Researchers look for people who fit a certain description, called eligibility criteria. See if you qualify.

Inclusion criteria

  • Clinical diagnosis of BU WHO categories, single or multiples: 1. I 2. II with a cross-sectional diameter < 10 cm 3. III category III lesions where multiple and all are < 10 cm cross-sectional diameter
  • Positive PCR or culture for confirmation of presence of mycobacterium ulcerans (MU).
  • Exclusion criteria

  • Participants with the following known or suspected medical conditions: 1. Any non BU related condition where participation in the study, as judged by the Investigator, could compromise the well-being of the participant or prevent, limit or confound protocol specified treatment and assessments.

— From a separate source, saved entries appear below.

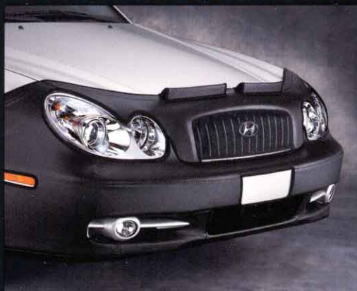
Protect your Sonata's finish with a durable, high-quality front nose mask.

Your Hyundai dealer can show you a full line of genuine Hyundai accessories designed to make driving your Sonata even more enjoyable. To keep your Hyundai looking and running like new, always use genuine Hyundai parts and accessories, which meet our own strict standards for quality and durability.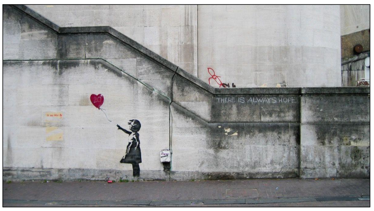
Banksy, Girl with Balloon. Photo by Dominic Robinson, via Flickr. https://www.artsy.net/article/artsy-editorial-6-iconic-works-banksy.

Banksy displays his art on publicly visible surfaces such as walls and self-built physical prop pieces. Banksy no longer sells photographs or reproductions of his street graffiti, but his public "installations" are regularly resold, often even by removing the wall they were painted on. Wikipedia, October 2020.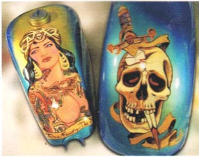
Fortune Favours The Bold on "Fortune Teller."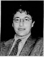
Mr Achim Steiner WCD Secretary-General, Germany

Report is the test against which that process will be measured. We hope that the policy framework and practical guidelines for its implementation presented here will add significant value to existing norms and form a basis for best practice in water and energy development. This is only a beginning, but we hope it is a dynamic beginning that others can take forward in the future. We also hope that the lessons learnt from our analysis of large dams will be seen as relevant for other large infrastructural projects, and that the framework of policy development and implementation we have identified will see wider application.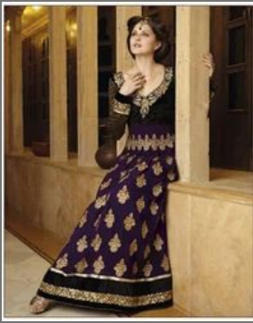
Women Designer Pakistani Suits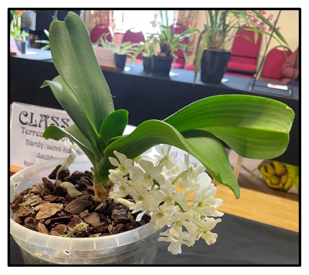
Class 19. Rhynchostylis gigantea White.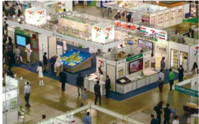
From June 19 to 21, 2008, we had an exhibit at the 2008 Exhibition on the Environment in Hokkaido.

  • History or current ascites, jaundice, myasthenia gravis, clinically significant renal dysfunction [estimated glomerular filtration rate (eGFR) < 50 mls/min], uncontrolled diabetes mellitus [glycated heaemoglobin (HbA1C )> 10%], and severe immune compromise (e.g., immunosuppressive drugs after organ transplant)
  • History of previous BU (except current infection)

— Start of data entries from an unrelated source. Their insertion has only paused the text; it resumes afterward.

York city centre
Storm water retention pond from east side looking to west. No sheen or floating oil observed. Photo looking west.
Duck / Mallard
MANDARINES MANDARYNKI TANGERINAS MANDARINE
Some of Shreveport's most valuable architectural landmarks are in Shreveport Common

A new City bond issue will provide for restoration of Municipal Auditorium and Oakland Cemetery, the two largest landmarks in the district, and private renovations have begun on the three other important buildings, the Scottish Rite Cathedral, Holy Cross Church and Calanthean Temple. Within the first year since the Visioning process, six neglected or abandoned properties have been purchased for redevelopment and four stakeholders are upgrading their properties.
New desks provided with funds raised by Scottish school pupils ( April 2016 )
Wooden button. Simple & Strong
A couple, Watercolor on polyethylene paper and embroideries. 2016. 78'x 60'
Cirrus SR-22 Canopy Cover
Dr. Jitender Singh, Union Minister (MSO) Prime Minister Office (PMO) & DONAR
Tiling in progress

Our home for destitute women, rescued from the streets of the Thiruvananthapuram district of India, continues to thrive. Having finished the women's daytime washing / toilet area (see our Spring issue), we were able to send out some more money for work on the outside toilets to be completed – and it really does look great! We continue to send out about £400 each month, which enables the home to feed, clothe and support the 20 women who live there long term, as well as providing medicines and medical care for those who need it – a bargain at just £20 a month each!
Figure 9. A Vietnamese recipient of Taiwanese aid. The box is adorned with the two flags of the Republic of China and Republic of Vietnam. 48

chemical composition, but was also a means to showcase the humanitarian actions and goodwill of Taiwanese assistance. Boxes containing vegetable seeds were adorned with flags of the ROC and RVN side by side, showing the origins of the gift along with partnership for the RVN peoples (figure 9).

  • Planned/expected to require curative intent excision surgery, defined as excision of lesion which may include surrounding macroscopically healthy tissue with the aim of helping to sterilize the wound rather than improve wound healing alone, for their BU during the entire study period. Simple removal of necrotic slough and skin grafting is considered normal wound care and allowed.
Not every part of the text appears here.